Politics in the region have become even more complex since the Cold War era of revolutions and military juntas.

Demonstration in Ecuador on October 4th, after the government declared state of emergency
Demonstration in Ecuador on October 4th, after the government declared state of emergency
Pedro Viveros


BOGOTÁ — Latin America elected presidents last year in the region's three most populous countries: Brazil, Mexico and Colombia. Of those, only Mexico's Andrés Manuel López Obrador retains acceptable popularity levels. This month, three more presidential elections are set to take place — in Argentina, Bolivia and Uruguay.
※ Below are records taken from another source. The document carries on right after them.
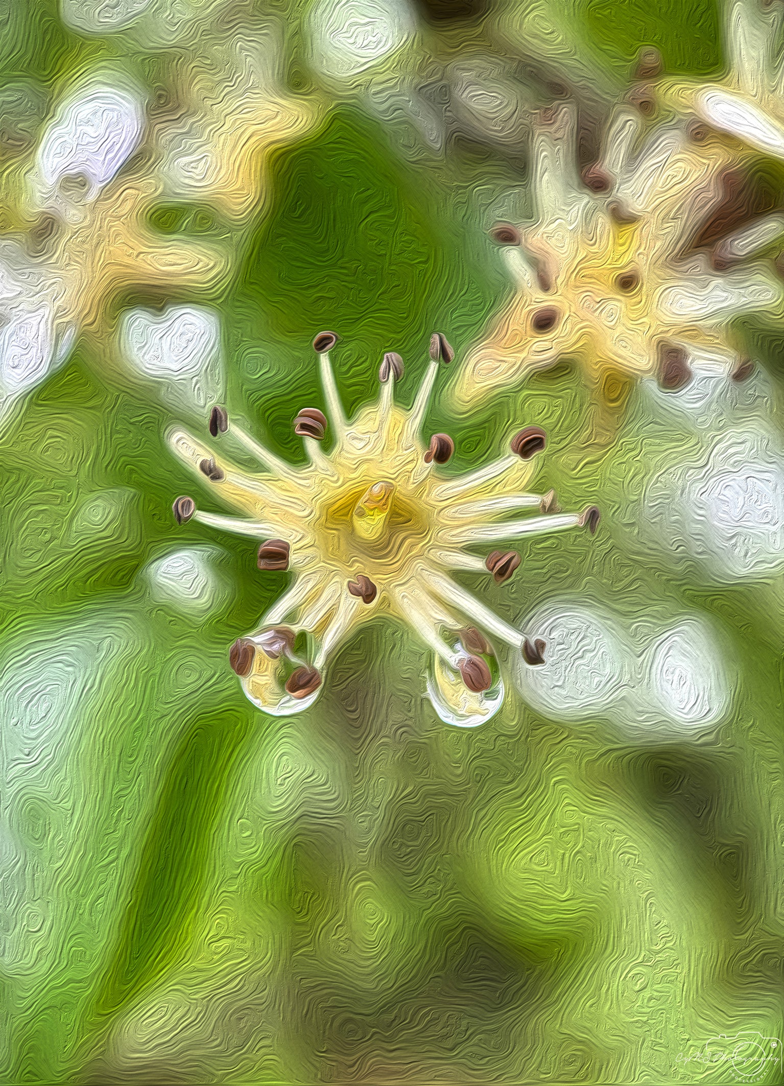 Sur les pistils d'une fleur de Pyrus communis reposent d'étonnantes gouttes d'eau. Légères, elles se posent parmi les filaments pâles, leur présence à la fois délicate et vive. La délicate structure de la fleur rencontre l'éclat silencieux de l'eau, comme si la fleur gardait encore les derniers rayons du soleil.
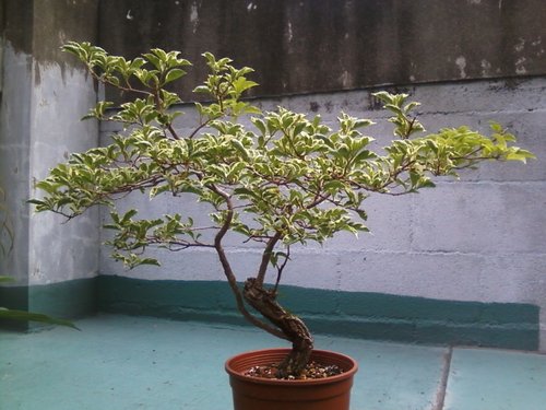 幾個瞎子通過摸象來以了解象的樣子,由於每人所摸的形狀不同,對其形容亦 不同,故為此而爭論不休。(出自大般涅槃經卷32),意指觀事物時只看片面, 以偏概全。 不管學歷職業地位高低您同不同意我們對於人事物的認定大多數情況是在瞎子摸象,習慣以自我的經驗認知觀點與習慣來看世界。以數目字10來說,如問其可能組合馬上會想到0/10-1/9-2/8-3/7-4/6-5/5等組合,但如再開放正負數與小數點呢? 如不問清楚題目其他條件就堅持答案是2/8,那大家是否為此而爭論不休呢?相同的,引起發燒或肚子痛的原因很多,您覺不覺得,急診醫生與門診醫師問診態度差很大,前者常會問東問西甚至再加驗血驗尿,後者卻常聽完病患敘述後不發一語的埋頭打電腦2-3分鐘就打發,後者開的藥您吃得放心?(常要跑幾次才能對症) 種了幾年九重葛「瞎子摸象」四字是我的心得,以葉子出現焦黑情況來說,藥/肥/水/雨/風/菌,是何因造成?(均有可能) 您問兩個人恐怕會有三種不同答案,多出來的一種是因那人很盡責也有持續的研究與學習發現後主動更正的,但是如問的人有告知:品種/有無施肥其種類數量頻率/如何澆水/有無淋雨/症狀在新葉或老葉全面或局部/新苗或老樹/放室內室外/有無寒流風吹,定能能獲得較正確診斷。這幾年經常有之前認為對的後來才知道那只是在特定情況下才是的感覺,覺得事情沒那麼簡單,懂的往往只是皮毛。知道我要表達意思後,提醒您下次要問別人品名或問題時,記得要提供更多的資料與圖片,莫要別人摸象您當真。下圖:荒皮土種接銀邊白,再於上/左/右各垂直接金葉紫
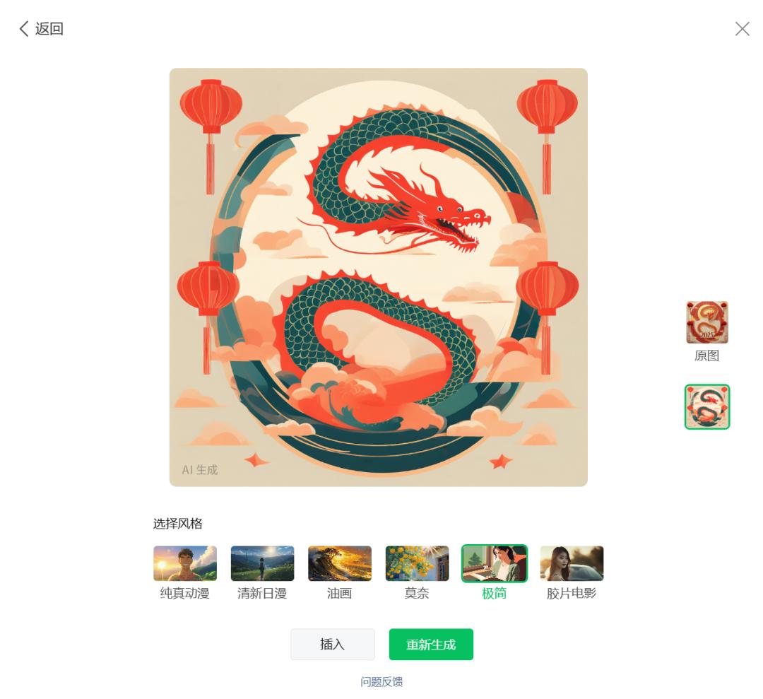 换风格再生成的图片与原图会有所不同,比如我们选择极简风格重新生成这张蛇年海报,元素和构图与原图基本相似,但少了数字2025。
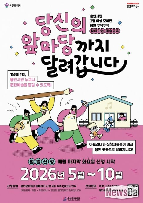 뉴스다 최광묵 기자 | 용인문화재단은 시민이 원하는 시간과 장소로 직접 찾아가는 2026 찾아가는 예술교육 '당신의 앞마당까지 달려갑니다'의 참여자를 오는 4월 7일부터 모집한다.
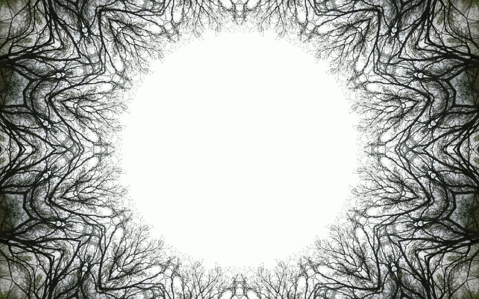 Ungewöhnliche Abbildung von Baumkronen mit einem runden weißen Lumen
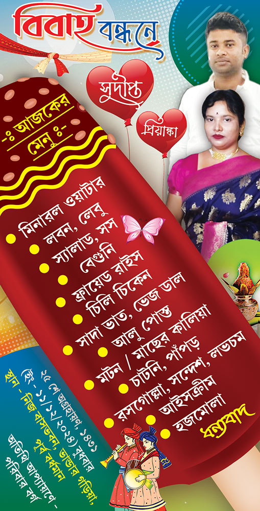 Bengali Bibaha Wedding New Style Hand Table Stand Menu Card Design PSD 2.8x 5.5 Inch_2314 – PMC

In the meantime, Ecuador is in the grip of protests over the end of fuel subsidies, Peru has a president enjoying popular support but with no votes yet, and Colombians are pitted against each other on the streets worldwide over the fate of a former president, Álvaro Uribe, who still has fervent backers even as he faces criminal investigation. Over the weekend, violence spread in Chile after the government had announced rate fare increases for public transportation.

For many years the region was considered the "backyard" of the United States. The reality now is something entirely different.

For some Latin American countries, the world's problems are already having a local impact. The Fourth Revolution in technology, mass migration, left- and right-wing populism, and the "new economic mediocrity" — as the former IMF chief Christine Lagarde put it — affect all of us. But the formulae for responding differ in each place. It's also becoming clear that we can't always rely on the ballot box to resolve our intermittent crises.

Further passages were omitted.